Why revisit the ‘Unnatural consequences’ article then? Because some of what I said in that article is making the mistake I want to highlight here. Take a look at what I said about the hypothetical waiter, for example:

“Suppose that Mum and Billy are being eyed disapprovingly by a rather snotty waiter, who is clearly of the opinion that children should never be permitted to enter ‘his’ establishment, let alone to have a bit of fun with a few sugar lumps. […]
           If the waiter seems to be behaving unreasonably, Mum might, for example, whisper something to Billy about what an idiot the waiter is, and they might make quiet little jokes about the waiter—in order to assure Billy that the waiter’s completely unreasonable disapproval does not matter a jot, and should not be distressing.
           In any event, Mum will be thinking about how to help Billy interpret the waiter’s disapproval in a non-distressing, non-coerced way. Unlike mainstream parents, she will not be buying in to the waiter’s view of the situation. That is what would cause distress for the child.”

Reading that makes me wish I could give my younger self and my children a hug. I clearly felt significant anxiety about protecting my precious children from the disapproval of strangers. The way I was thinking about that kind of situation was unnecessarily defensive and altogether too pessimistic.

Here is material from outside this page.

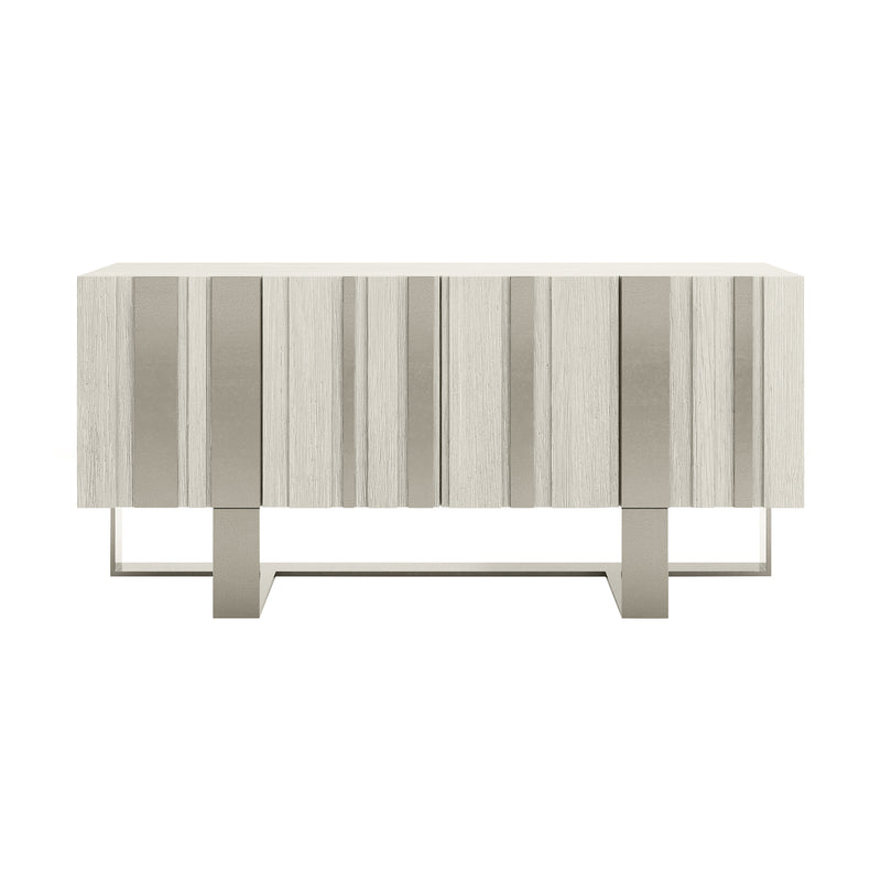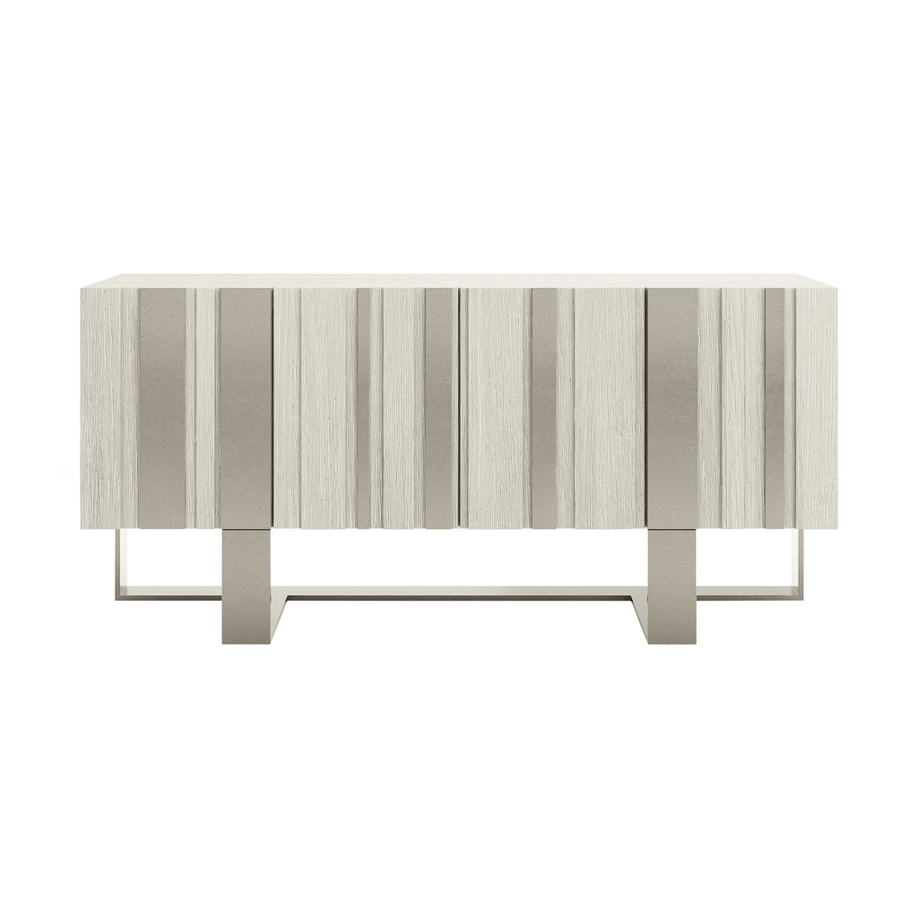 A captivating interplay of light, shadow, and texture, the Tempo Buffet from Bernhardt is a stunning statement in modern, architectural design. This sophisticated buffet features four raised-panel door fronts, each adorned with sandblasted aluminum overlays. The metal rests on a background of wirebrushed oak, creating a rich, multi-layered effect. The doors open with a simple push, revealing a spacious interior. A fusion of bold materials and refined craftsmanship, it’s a sculptural and functional centerpiece for any contemporary space.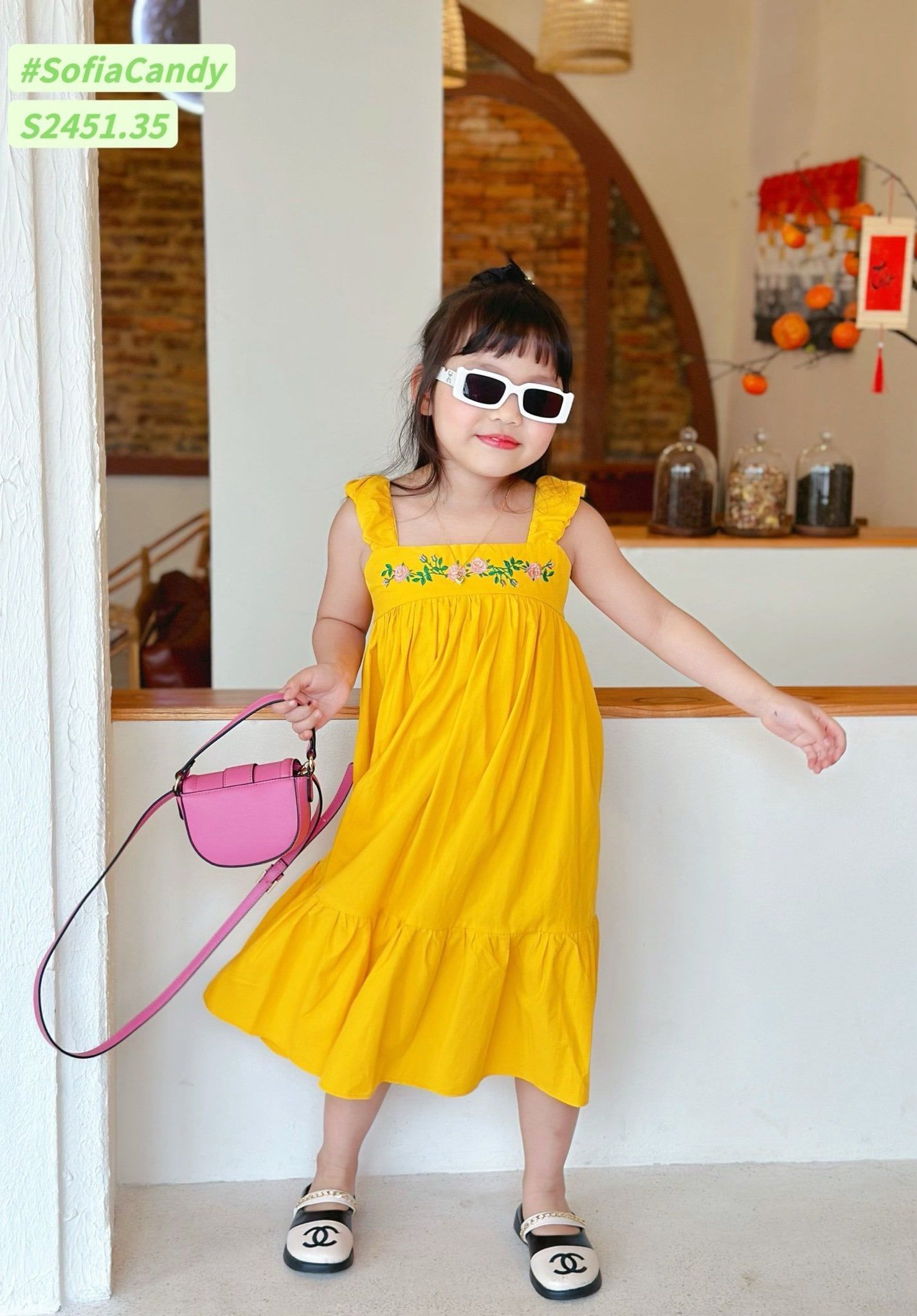 V00022 - Váy thô Sofia Candy hai dây thêu hoa ngực nhiều màu size 1-10y

First, my evident fear and belief that a child would be distressed by a disapproving waiter is quite unwarranted. I did go on to say that the waiter’s own attempts to intimidate the child are much less likely to harm the child (than ours), because the child is not in a relationship with the waiter, which is true, but there is much more to say than that.

I made it sound as though in that situation I would be fearing a coercive confrontation that would distress the child, but actually, the child is far more likely to have become distressed as a result of my own fearful, defensive, anxious, hypervigilant state of mind, and by my view of the waiter and of the situation.

When we as parents fear the worst happening, or fear that when something untoward happens, that will automatically cause distress for our child, that way of being is conveying to our child loud and clear the mistakenly pessimistic message that this is a very dangerous, bad situation, and this person we are dealing with is evil and wilfully intends harm, and that we need to be vigilant and guarded to avert disaster, and that we probably are not going to be able to avert disaster without extreme efforts on my part, which is super stressful and difficult, and you, the child, are in severe danger of being distressed if not scarred for life.

If every fibre of our being is conveying to our child “You are going to find this very distressing”, our child is likely to believe us and then because he has that expectation that we ourselves have suggested to him through the way we are being, he is then distressed.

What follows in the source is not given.